Before investing in corporate bonds, it is important to understand the factors that influence bond prices and their security being an investment.
What to See Before Investing in Corporate Bonds
The important factors that you should consider when investing in bonds include:
- Government bonds are support by full faith and credit of the US government. Unfortunately, some corporations go out of business every year. Even the companies that are thought to be vibrant and successful are not free from economic downturns. Corporate bonds are supported by a company’s assets. If a company is in financial crunch, bond holders could be at risk. High yield or junk bonds are such corporate bonds that return an investor a higher yield compared to other types of bonds. These bonds are at a higher risk of default, which is why an investor is compensated with a greater yield.
- A grading system decides if a bond is either investment grade or under investment grade. This is not foolproof but this grading system manifests some visibility into a corporate bonds security and a company’s rapport. Non investment grade bonds are riskier than investment grade bonds and with the lower anticipated risk; the bond yields are lower also.

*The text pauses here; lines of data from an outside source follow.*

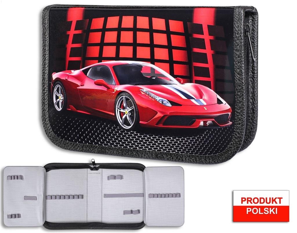 Piórnik twardy z 2 klapkami w środku wykonany z kodury, ozdobiony obrazkiem przedstawiającym samochód. W środku piórnika znajdują się gumki umożliwiające trzymanie długopisów. Piórnik o wymiarach 20x14x5[cm]. Piórnik bez wyposażenia.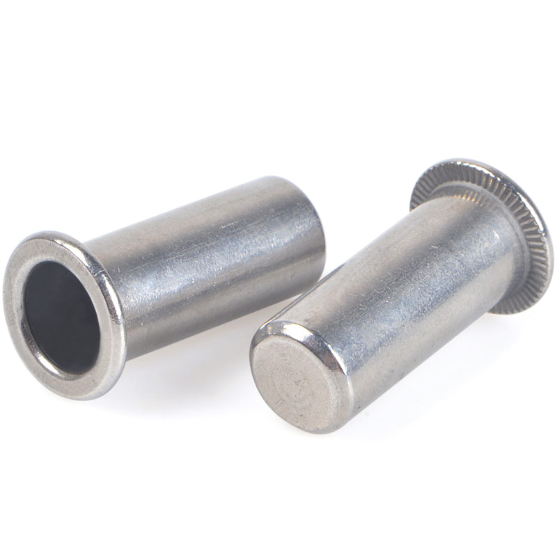 När du observerar det släta ytan räknar nitade nötter från utsidan, är det första du kommer att märka deras koniska huvuden - vars inre vinkel är standard 100 grader eller 120 grader. Denna form gör att muttrarna kan vara perfekt i linje med ytan på det anslutna materialet.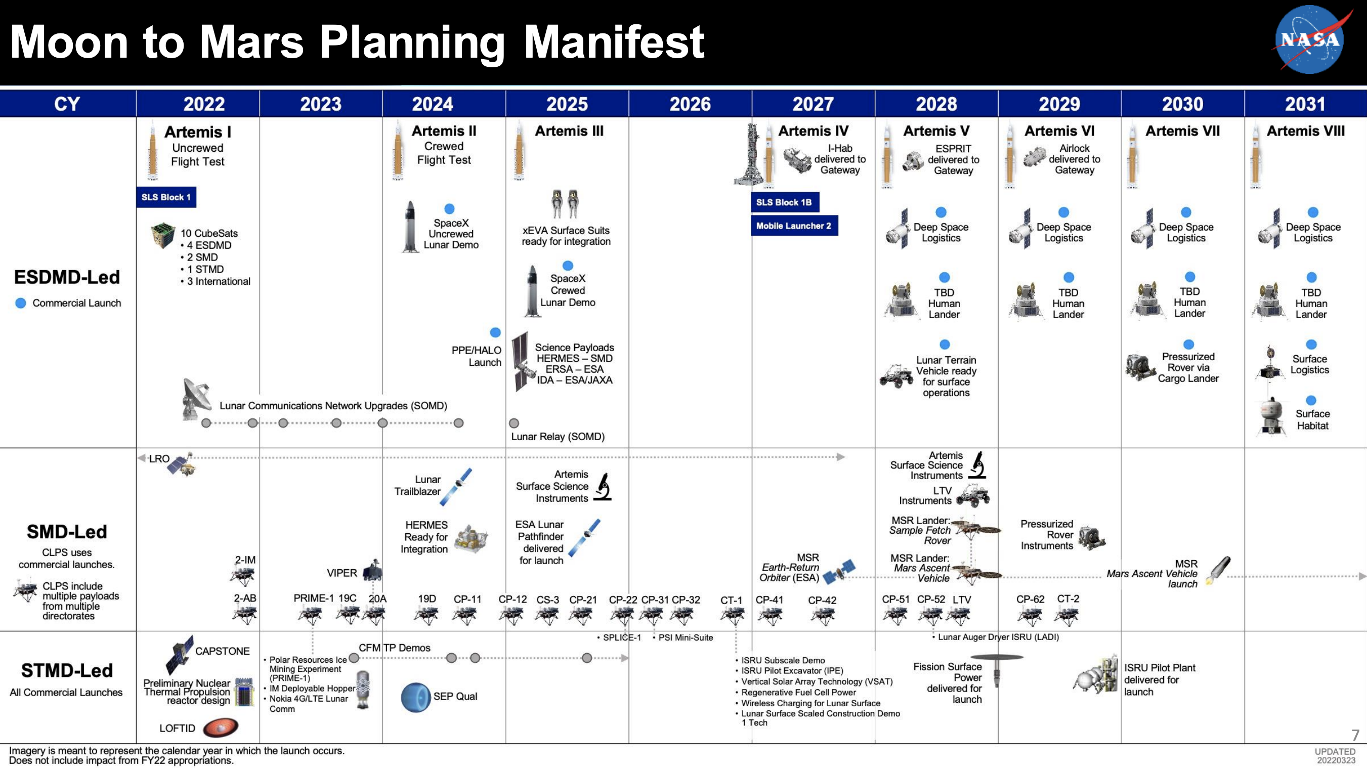 Hoja de ruta del programa Artemisa. Crédito: NASA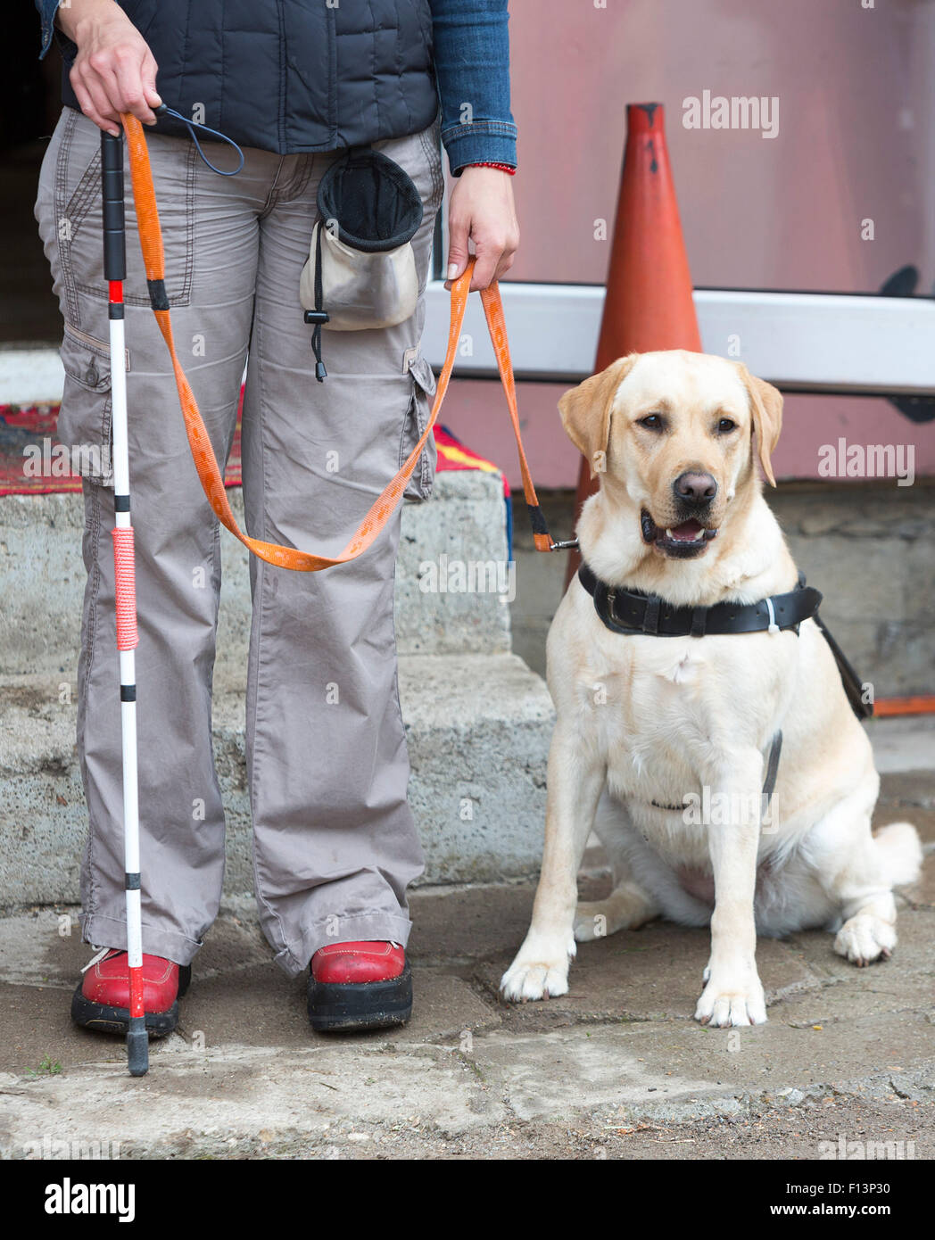 her golden retriever guide dog during blind golden retriever seeing eye dog

- Another factor that can influence a corporate bond, irrespective of the company’s overall financial health is its interest rates. If interest rate hikes, then existing bond values will drop. This is not only applied on corporate bonds, but almost on all bonds unless they have specific features associated with them. While this rise in interest rates may not influence the value of a bond if it is held to maturity, it can reduce the price and it could fetch in the secondary market. The secondary market is a place where sellers and buyers of bonds sell and buy bonds before their maturity date.
- One more factor when analyzing risk is whether you are opting for individual corporate bonds or corporate bond funds. Corporate bond funds do not have a maturity date while Individual corporate bonds have a maturity date. When bonds mature, the capital amount is repaid to the investor and interest payments stop.